Doch die Jagd zehrt. Sie verkommt zum Exzess und einem Kampf den man nie zu gewinnen scheint. Ist der Moment nämlich vorbei verflucht man ihn, da er einen verlassen hat und wieder alles nur von derselben Gleichgültigkeit zerfressen scheint, welche ständig wie ein Raubtier darauf wartet einen zu überfallen. Man jagt weiter, schneller mit mehr Intensität und akzeptiert jede Freud und Qual auf die gleiche Weise, nur um etwas näher an die Lösung zu kommen.
Während ich zurück in die Wohnung schlendere gehe ich all dies noch einmal durch.
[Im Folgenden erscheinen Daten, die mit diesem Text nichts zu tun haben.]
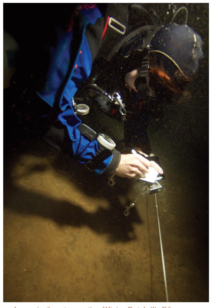
Ag surveying the upstream section of Mission.

The scraggly and perfect passages in the 'Delicate Tunne.I' (p 12 Cover Photo) One of the numerous clay banks in the 'Bonus Tunnel.' (p13 Top) The remains of a fallen animal. (p 13 Center)) Indian pottery shard. (P 13 Bottom)

Ich will meinem Geist die Ruhe geben die er verlangt, denn auch wenn alles gleichgültig ist, so spüre ich doch die Einsamkeit die mir mein Denken schafft. Ich glaube es gibt nicht viele die so denken wie ich und mehr und mehr spüre ich, dass man meine Welt nicht zu teilen vermag. Eine begleitende Seele wäre schön. Jemand der dasselbe sucht wie ich und mit dem man im perfekten Moment verschmelzen kann. Etwas teilen kann das so wundervoll ist das nichts hinterfragt werden muss. Die perfekte Harmonie! Ich stehe bereits in der Küche als mir klar wird das ich nun mir wieder eine neue Taktik angeeignet habe. Ich muss nicht nur mich selber finden. Ich muss mich selbst in einem anderen finden. Ich kann diese Suche nicht allein gewinnen, denn über kurz oder lang wird meine Kraft versagen und nichts wird bleiben. Nicht mal die Gleichgültigkeit.
Wo bist du? Ich finde dich, denn ich weiß wir brauchen uns. Mehr als alles auf der Welt. Ich reinige das Bad, kehre die Splitter meines Spiegels zusammen und muss lachen. Wie oft werde ich selber mein Ebenbild noch brechen, bis mir eines begegnet das ich als mein eigenes ansehe?